Need some opinion/help around one use case of KStream/KTable usage.

Scenario:

I have 2 topics with common key--requestId.

  1. input_time(requestId,StartTime)
  2. completion_time(requestId,EndTime)

The data in input_time is populated at time t1 and the data in completion_time is populated at t+n.(n being the time taken for a process to complete).

Objective To compare the time taken for a request by joining data from the topics and raised alert in case of breach of a threshold time.

It may happen that the process may fail and the data may not arrive on the completion_time topic at all for the request. In that case we intend to use a check that if the currentTime is well past a specific(lets say 5s) threshold since the start time.

  1. input_time(req1,100) completion_time(req1,104) --> no alert to be raised as 104-100 < 5(configured value)
  2. input_time(req2,100) completion_time(req2,108) --> alert to be raised with req2,108 as 108-100 >5
  3. input_time(req3,100) completion_time no record--> if current Time is beyond 105 raise an alert with req3,currentSysTime as currentSysTime - 100 > 5

Options Tried. 1) Tried both KTable-KTable and KStream-Kstream outer joins but the third case always fails.

    final KTable<String,Long> startTimeTable =   builder.table("input_time",Consumed.with(Serdes.String(),Serdes.Long()));
    final KTable<String,Long> completionTimeTable = builder.table("completion_time",Consumed.with(Serdes.String(),Serdes.Long()));     
    KTable<String,Long> thresholdBreached =startTimeTable .outerJoin(completionTimeTable,
            new MyValueJoiner());
    thresholdBreached.toStream().filter((k,v)->v!=null)
            .to("finalTopic",Produced.with(Serdes.String(),Serdes.Long()));

Joiner

 public Long apply(Long startTime,Long endTime){

        // if input record itself is not available then we cant use any alerting.
        if (null==startTime){
            log.info("AlertValueJoiner check: the start time itself is null so returning null");
            return null;
        }
        // current processing time is the time used.
        long currentTime= System.currentTimeMillis();
        log.info("Checking startTime {} end time {} sysTime {}",startTime,endTime,currentTime);
        if(null==endTime && currentTime-startTime>5000){
            log.info("Alert:No corresponding record from file completion yet currentTime {} startTime {}"
                    ,currentTime,startTime);
            return currentTime-startTime;
        }else if(null !=endTime && endTime-startTime>5000){
            log.info("Alert: threshold breach for file completion startTime {} endTime {}"
                    ,startTime,endTime);
            return endTime-startTime;
        }
    return null;
    }

2) Tried the custom logic approach recommended as per the thread How to manage Kafka KStream to Kstream windowed join? -- This approach stopped working for scenarios 2 and 3.

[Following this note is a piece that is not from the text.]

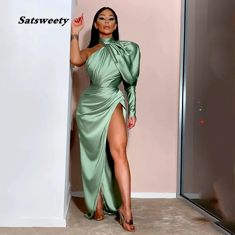 Женское вечернее платье с одним открытым плечом, длинное изумрудно-зеленое платье-Русалка с разрезом сбоку, платье для выпускного вечера и вечеривечерние, платья знаменитостей с лямкой на шее

Is there any case of handling all three scenarios using DSL or Processors?

Not sure of we can use some kind of punctuator to listen to when the window changes and check for the stream records in current window and if there is no matching records found,produce a result with systime.?

mandev
  • 23
  • 1
  • 4
  • You logic is quite special to your application. I would recommend to use the Processor API and build a custom operator. – Matthias J. Sax Jun 03 '20 at 01:24
  • Thanks Matthias.. I have implemented a bespoke logic using punctuator and some key value state stores. – mandev Jun 11 '20 at 06:46

1 Answers1

0

Due to the nature of the logic involve it surely had to be done with combination of DSL and processor API.

  1. Used a custom transformer and state store to compare with configured values.(case 1 &2)
  2. Added a punctuator based on wall clock for handling the 3rd case
mandev
  • 23
  • 1
  • 4